V.Srinivas is the Chairman of the Board of Revenue for Rajasthan, Ajmer and Chairman of the Rajasthan Tax Board.He has a Master’s degree in Chemical Engineering from College of Technology Osmania University. He is a member of the Indian Administrative Service from 1989 batch, and has 30 years of distinguished service.
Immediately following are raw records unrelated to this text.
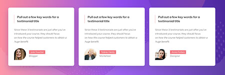 Pull out a few key words for a testimonial title Since these 3 testimonials are just after you’ve introduced your course, they should focus on how the course helped customers to obtain a huge benefit.Julie FoucherBlogger Pull out a few key words for a testimonial title Since these 3 testimonials are just after you’ve introduced your …
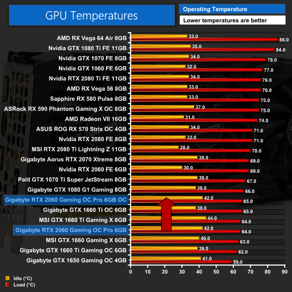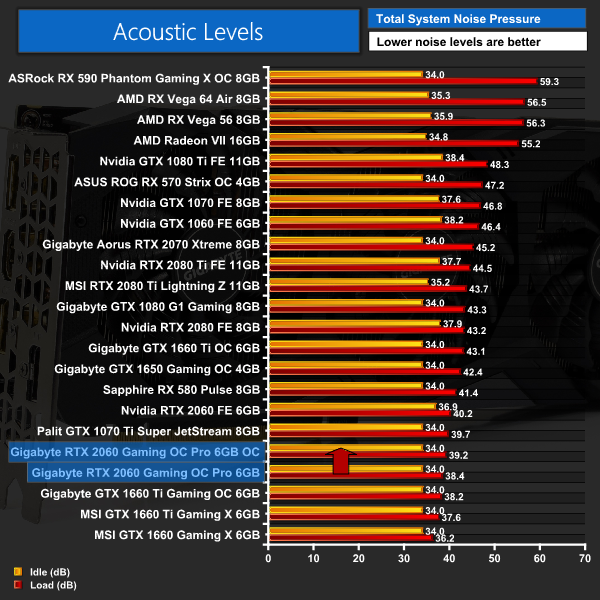 While not the biggest overclock for the RTX 2060, the upside is the card didn't suffer as a result of the extra frequency. GPU temperatures rose by just 1C, and noise levels didn't even increase by a single decibel. As for power consumption, this rose by just 6W, another trivial increase.
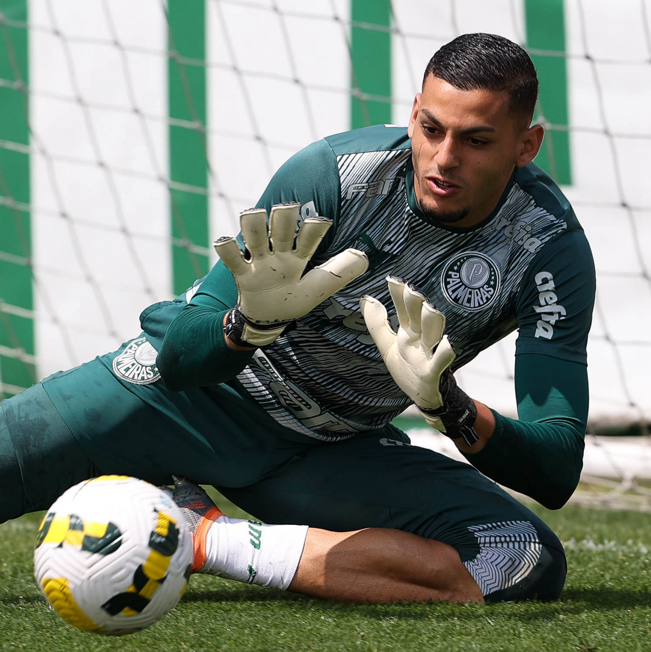 Os jogadores Dudu, Luan, Zé Rafael, Garcia, Gabriel Menino, Miguel Merentiel e Jorge (E/D em pé) e Murilo, Eduard Atuesta, Joaquín Piquerez, Vanderlan, Endrick e Vinicius (E/D agachados), da SE Palmeiras, durante treinamento, na Academia de Futebol. (Foto: Cesar Greco)

He is an Indian Council of World Affairs Fellow for 2017. “India’s relations with the International Monetary Fund 1991-2016: 25 years in perspective” is his first book. He has served as Chairman Rajasthan Tax Board, Deputy Director (Administration) AIIMS, Director General National Archives of India, Joint Secretary to Government of India in the Ministry of Textiles, Joint Secretary to Government of India in Ministry of Culture, Secretary to Government Finance and Planning Department, Rajasthan, Advisor to India’s Executive Director on the International Monetary Fund (2003-2006) and Private Secretary to Finance Minister of India and Private Secretary to External Affairs Minister (2001-2003), District Collector at Jodhpur and Pali.
Mr. Srinivas has authored 108 articles on public finance and delivered 18 orations. His second book “A March to New Age India” is scheduled for completion in November 2018. He is a recipient of a number of awards and merit certificates for distinguished public service and has travelled widely across India and the World.